AWS Greengrass is a service that allows us to bring the computing experience we are used to when we work with AWS to our IoT edge devices. It consists of an open-source runtime that we need to install on our devices which offers several features, such as:

  • Local processing with AWS Lambda functions
  • Containers support
  • Integration with AWS IoT Core (and device shadows)
  • Local messaging

Like most other AWS services, Greengrass was created to solve multiple problems in a managed manner without forcing us developers to reinvent the wheel every time. When we build IoT solutions, we need to worry about scaling and keeping our devices' firmware up to date, and this is what Greengrass is trying to help us do.

AWS IoT Greengrass makes it easy to deploy and manage device software on millions of devices remotely. We can organize our devices in groups and deploy and manage device software and configuration to a subset of devices or all devices. AWS IoT Greengrass gives us the ability to send over-the-air updates on the software that relies on our machines without worrying about breaking the runtime layer and forcing us to go to the device place to reset it manually. This has been done by decoupling the many components that we want to run on our devices from the Core software that is tasked to orchestrate our components and manage firmware updated jobs.

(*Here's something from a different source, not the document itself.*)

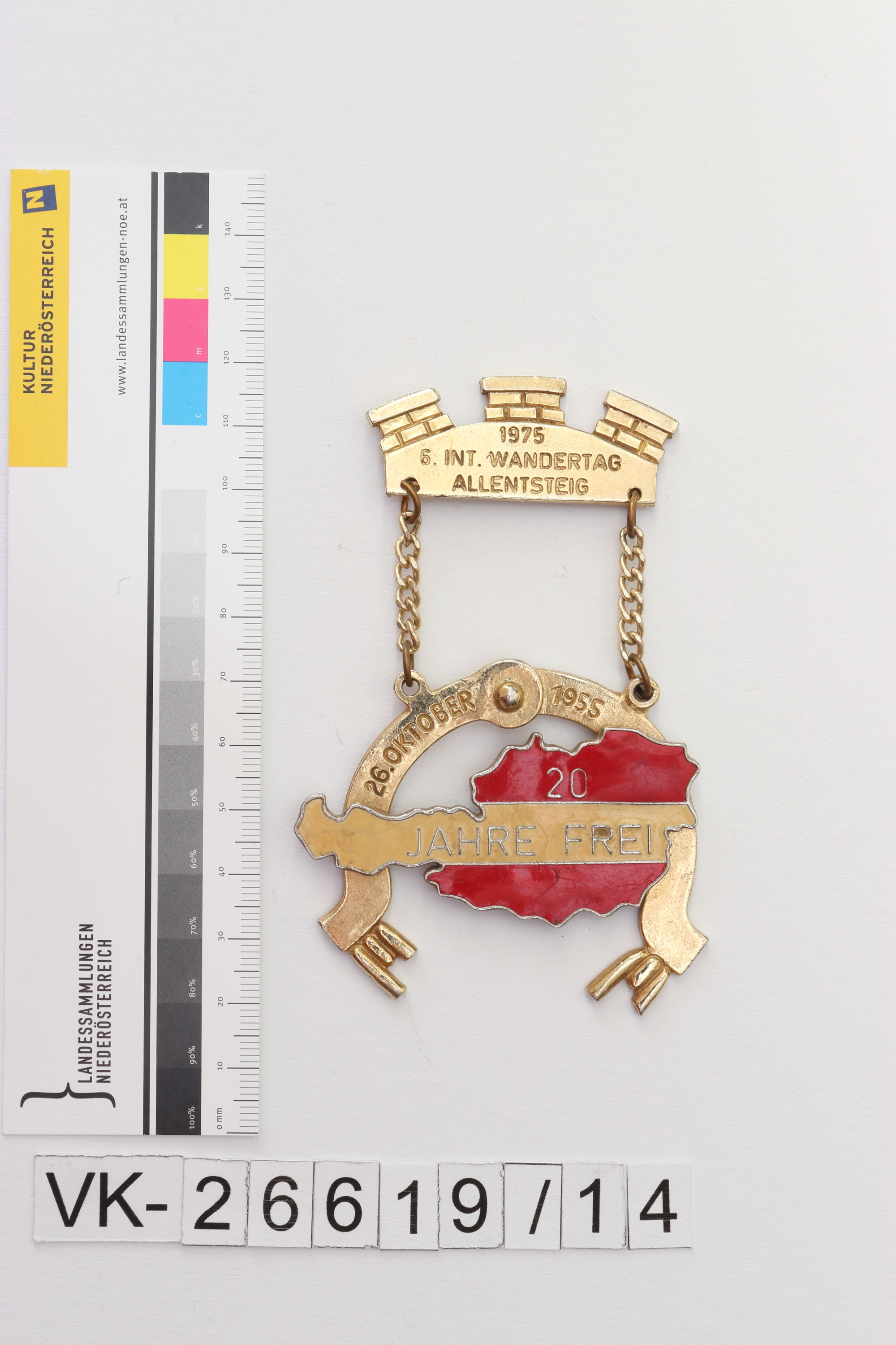 Abzeichen an einem Kettchen mit einer Österreich-Darstellung und Beschriftungen: "1975 6. INT. WANDERTAG ALLENTSTEIG", "26. OKTOBER 1955", "20 JAHRE FREI".

With Greengrass, we can perform Machine Learning Inference, data aggregation, and streaming to multiple AWS cloud services (such as S3 or Amazon Kinesis) directly from our devices, therefore allowing us to have a grasp of what data goes to the cloud so we can optimize analytics, computing, and storage costs.

Let's think of a use case

Imagine you are building an IoT solution that consists of multiple devices installed in a factory. These devices periodically gather data and send it as is to a cloud backend. This data is then processed and stored, allowing your clients to know if their machines are performing as they should, if some of the parts need maintenance, and configure custom events that must be notified. Now imagine this solution deployed to thousands of factories, hence millions of devices that every few minutes send a payload to your backend: the costs of your application would grow with the number of devices installed. Furthermore, data received from a factory has no connection with data received from another because every factory behaves differently.

Now, how can we optimize this infrastructure? With Greengrass, we could configure a machine that works as a processing centralizer: it gathers data, aggregates it, and sends a single payload periodically with the global status of the plant. Of course, devices might still have to send some information (such as alerts or events) as-is to our backend, but moving some of the data processing to the edge would drastically improve the costs of our infrastructure. We'd have far fewer resources to provision on the cloud side as they would not grow with the number of devices but with the number of plants.

Time to get our hands dirty

My approach to learning Greengrass has been the same as I have used for other services: I usually start with a quick overview of the official documentation, then I start building something directly from the AWS console, and when I'm facing an obstacle I do punctual investigation on the web.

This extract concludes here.